HPCUG Presentation

ACHIEVING HIGH AVAILABILITY

Paula S. McDaniel

Presenting Author: Paula S. McDaniel (paula_mcdaniel@hp.com)

Abstract

What is "availability" and how do you get it? International Data Corporation defines high availability as follows: "A computer is considered to be highly available if, when failure occurs, data is not lost, and the system can recover in a reasonable amount of time." This simplistic definition can be used as a starting point for discussion. The definition of "a reasonable amount of time" can be different for each company and for each application within the company.

From an end-user perspective, she/he needs to have reasonable, continuous access to systems that respond fast enough to accomplish the business function for which the systems were designed. Both planned and unplanned downtime detracts from the availability of the application. Most users would request continuous application availability, but availability requirements must be business decisions. The more highly available a system needs to be, the more resources it takes and the more it costs. This added cost is only justified if there is sufficient value to the business.

There is a mistaken belief in the computer industry that high availability is simply a hardware or software product that can be purchased, but there is no one single product that provides "high availability." In fact, achieving high availability requires more than investments in technology. Many things need to be considered when attempting to achieve high levels of availability for mission critical applications.

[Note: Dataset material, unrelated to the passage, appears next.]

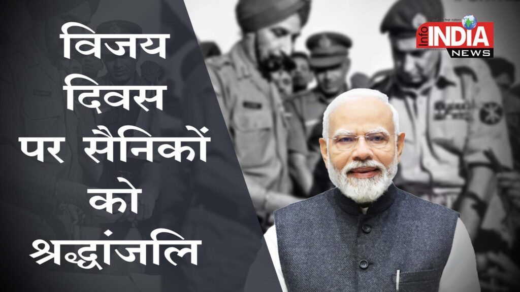 Info India News I प्रधानमंत्री ने विजय दिवस पर वीर सैनिकों को श्रद्धांजलि अर्पित की प्रधानमंत्री नरेन्द्र मोदी ने विजय दिवस के अवसर पर उन वीर सैनिकों को याद किया जिनके साहस और बलिदान ने 1971 में भारत को ऐतिहासिक…
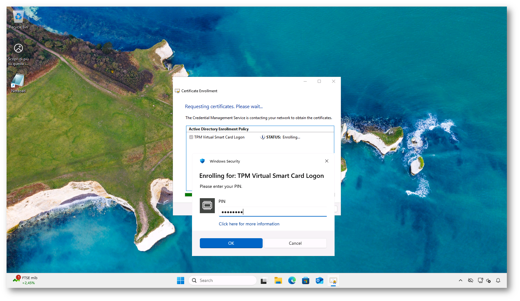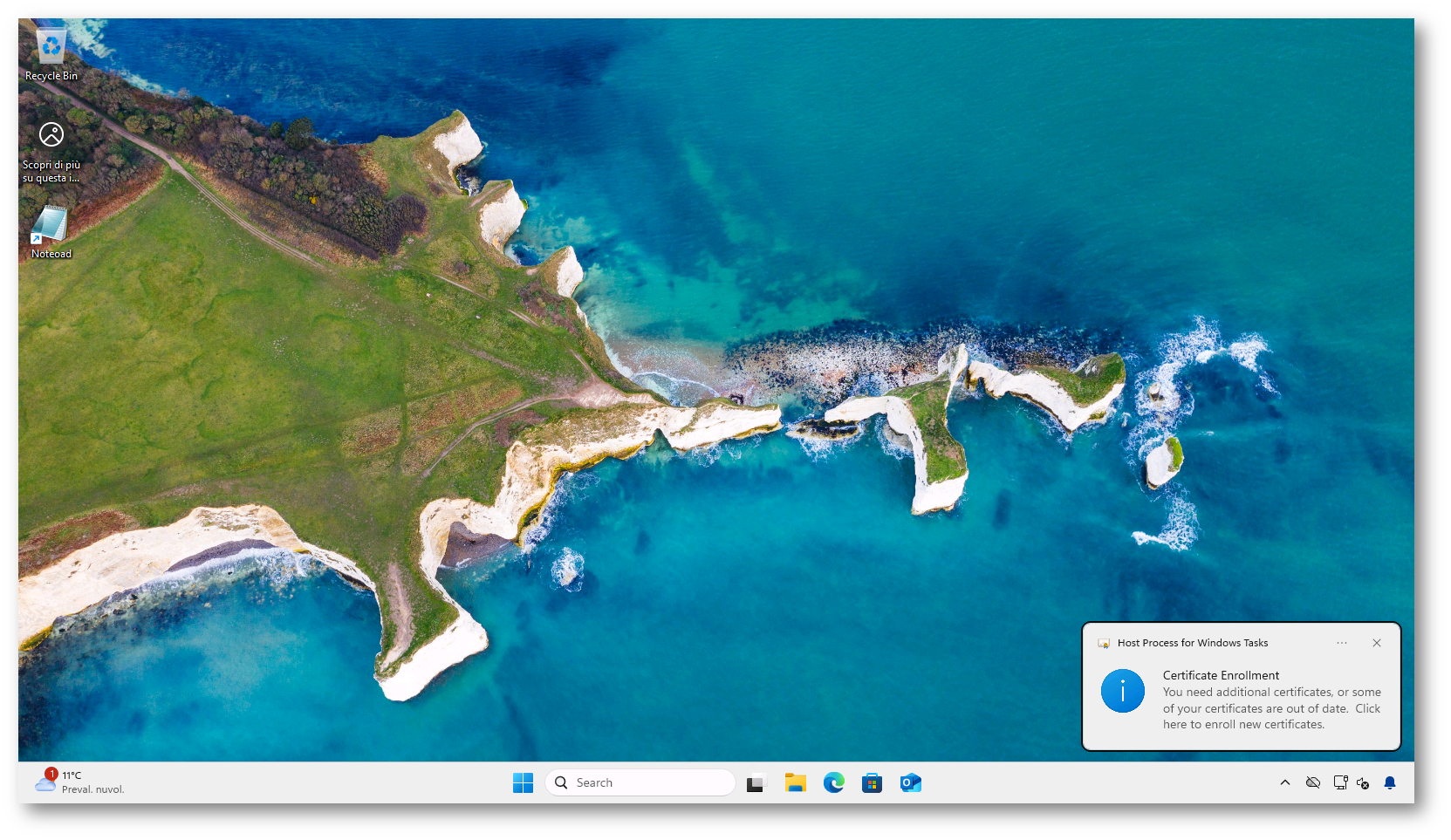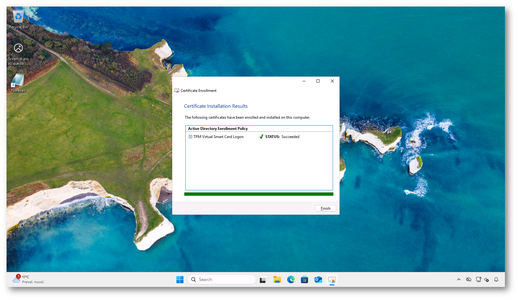 Se decidete di utilizzare l’autoenrollment tramite GPO, all’utente viene mostrata una toast notification che richiede di completare il deployment del certificato. Questo comportamento è normale perché, nel caso delle Virtual Smart Card, è necessario l’intervento dell’utente per selezionare il dispositivo e inserire il PIN.

An availability infrastructure capable of supporting mission critical applications must be built on a strong foundation. Three pillars form the basis of that foundation. These pillars are a technology infrastructure (the hardware, software, networks, etc.), support partnerships, and IT processes. Each of these pillars is equally important in achieving your desired availability goals. Investments must be made in each area. Many companies today make large investments in technology, without regard to the other two pillars. This results in shifting the cause of downtime from hardware and software to human error. Good IT processes can go a long way to reducing the amount of human error, and strong support partnerships will help keep downtime to a minimum when a failure does occur.